30 years ago: The division of Palestine in the Oslo-Accords

Palestine Sep 13, 2023 2 min read

Written by Adnan Khalil (IG: @adnan.khalil9)

Today marks the 30th anniversary of the historic signing of the Oslo Accords between Israel and the Palestine Liberation Organisation, which specified a 5-year transition period, aiming for a final resolution on the core issues i.e borders, Jerusalem, refugees.

The Accords, however, did not once underscore the word "occupation", nor did it recognize Israel as an occupying power, nor did the text promise the establishment of an independent Palestinian state once the transition period became obselete. Alas, time and time again, the trajectory has, and hitherto continues to be one of US-Israeli deception and subterfuge.

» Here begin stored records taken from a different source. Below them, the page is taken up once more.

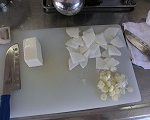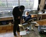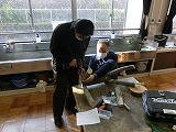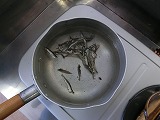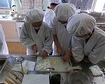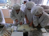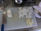 同時にお味噌汁もつくりました。具は大根、ネギ、豆腐です。煮干しの頭をとり、半分にさいて下ごしらえをしました。包丁もしっかり握り、具を丁寧に切りました。豆腐をさいの目に切るときは、家族の様子を伝え合いアドバイスし合う姿も見られました。
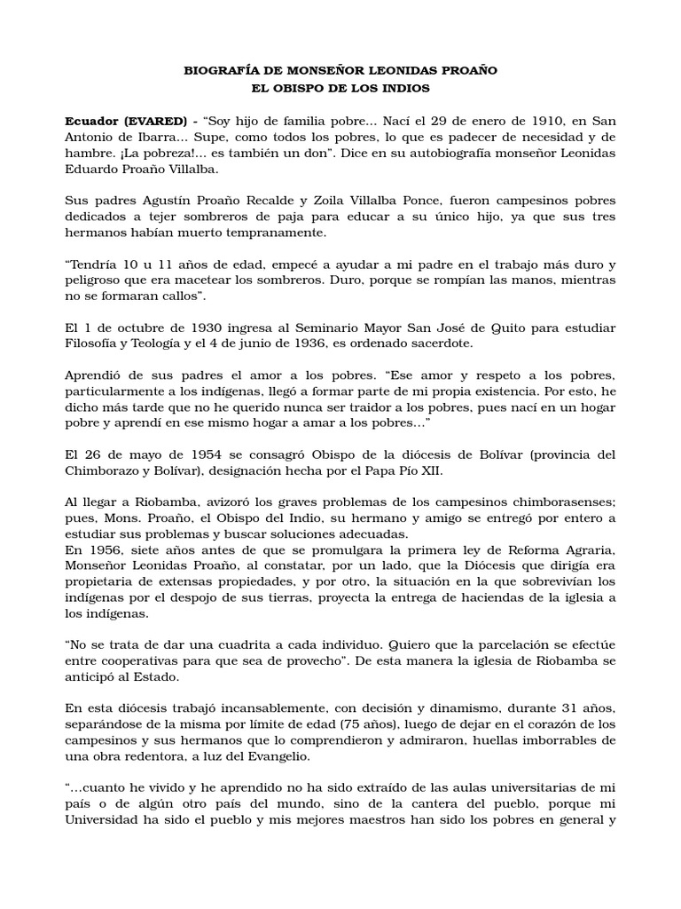 Ecuador (EVARED) - Soy hijo de familia pobre... Nac el 29 de enero de 1910, en San
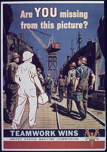 As a symbol of the rebirth of the U.S. Merchant Marine and Merchant Shipbuilding under the Merchant Marine Act, the first vessel contracted for was SS America, which was owned by the United States Line and operated in the passenger liner and cruise service during 1940-1. Upon the U.S. entry into World War II, America was requisitioned by the U.S. Navy and became USS West Point.[1] In the prewar years, several dozen other merchant ships were built for the Commission under its original 500 ship Long Range Shipbuilding Program but it wasn't until the late fall of 1940 the critical importance of the Commission to the defense of the lifeline to Great Britain and to the national mobilization for war became apparent when the beginnings of the Emergency Shipbuilding program were laid. Together, all the Maritime Commission's shipbuilding program became known as Ships for Victory and great pride was taken in it by the many thousands of ordinary citizens went to work in the shipyards and joined the ranks of the shipbuilding workforce.

Consequently, the Oslo period also gave birth to the Palestinian Authority, which morphed into a security subcontractor of the Israeli occupation. Moreover, during the years of Oslo, the Palestinians were on the receiving end of repeated violence, assassinations, an inexorable perpetuation of land expropriation, settlement expansion, home demolitions etc all of which negated and undermined the agreement of the Accords, nourishing and legitimising Israeli hegemony, domination and colonial consolidation.

Saliently, this was reflected more so in the signing of Oslo II in 1995, which stratified the West Bank into three areas (Area A/B/C), under varying degrees of Palestinian or Israeli control. By the end of the 5 years of the interim agreement, a permanent status was not even visible on the horizon, because the Israeli's according the Accords now controlled 83% (Area A which consisted of 7 major Palestinian towns was under total civilian and PA control, it compromised 17% of the West Bank).

Crucially, what was already a weakened economy - further exacerbated a dependency and de-development at an unprecedented rate, thus divided Palestinians into isolated cantons. In other words, prior to the final status negotiations, the Palestinian's were in a much weaker and worse off position than before the Accords, resulting in a fundamental asymmetry of power between the occupier and occupied.

Today, the Israeli adhered paradigm to systematic volatility, annexation and equivocation remains prevalent. While the US has proved to be an unreliable mediator.

However, this generation with a newfound fervor to liberate lands backed by an axis that is connected in unity of the fields will break Oslo.